## Data segment
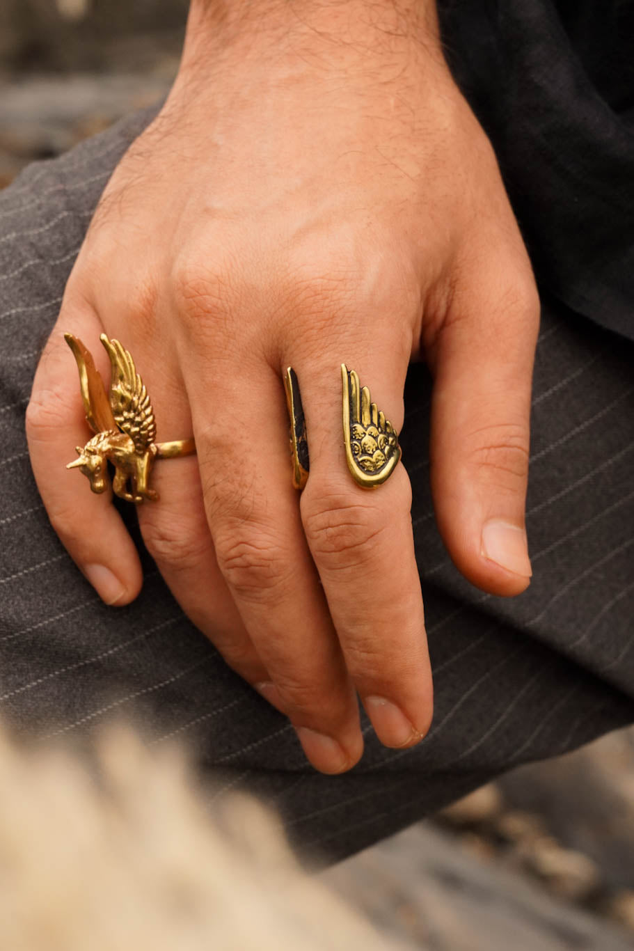 Unicorn mens brass ring. Adjustable. Size 5-7
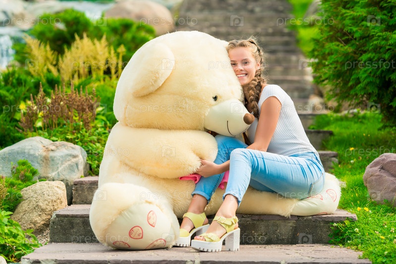 20-летняя красивая женщина с большим плюшевым медведем в парке на лестнице
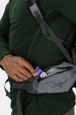 This backpack ensures easy access to your essentials. The PowerMesh front pocket proves to be a game-changer, offering a dedicated space for damp items like wet clothes, while the anti-scratch pocket provides a secure haven for your sunglasses. This top-loading pack features a hydration reservoir sleeve, dual zippered hip pockets and attachment points for ice axes and trekking poles. Designed for on-the-go access, the zipped pockets on each side of the lap belt provide swift entry to small items such as smartphones, energy bars, or GPS devices.
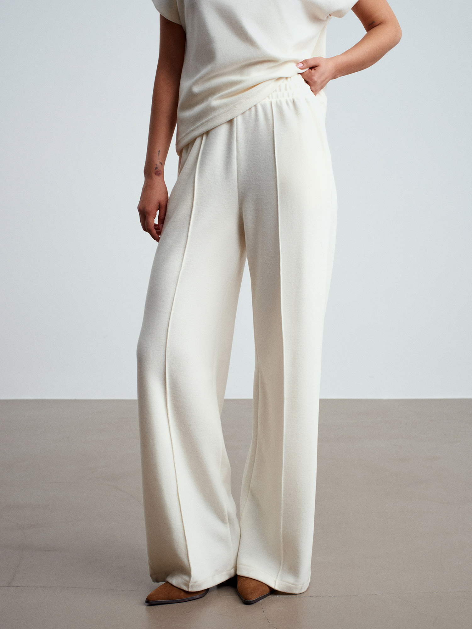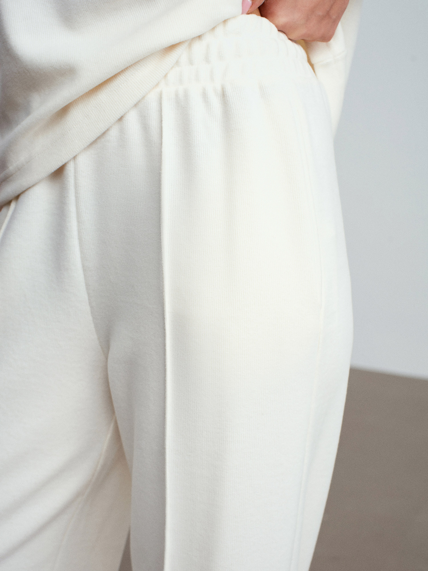 71927 Beli Lastikli Dikiş Detaylı Bol Eşofman-Ekru

## Exercise aim
Restate word for word the lines from the one with "This backpack ensures" to the end of the material, both included. Do not include the pictures.

## Task answer
 This backpack ensures easy access to your essentials. The PowerMesh front pocket proves to be a game-changer, offering a dedicated space for damp items like wet clothes, while the anti-scratch pocket provides a secure haven for your sunglasses. This top-loading pack features a hydration reservoir sleeve, dual zippered hip pockets and attachment points for ice axes and trekking poles. Designed for on-the-go access, the zipped pockets on each side of the lap belt provide swift entry to small items such as smartphones, energy bars, or GPS devices.
 71927 Beli Lastikli Dikiş Detaylı Bol Eşofman-Ekru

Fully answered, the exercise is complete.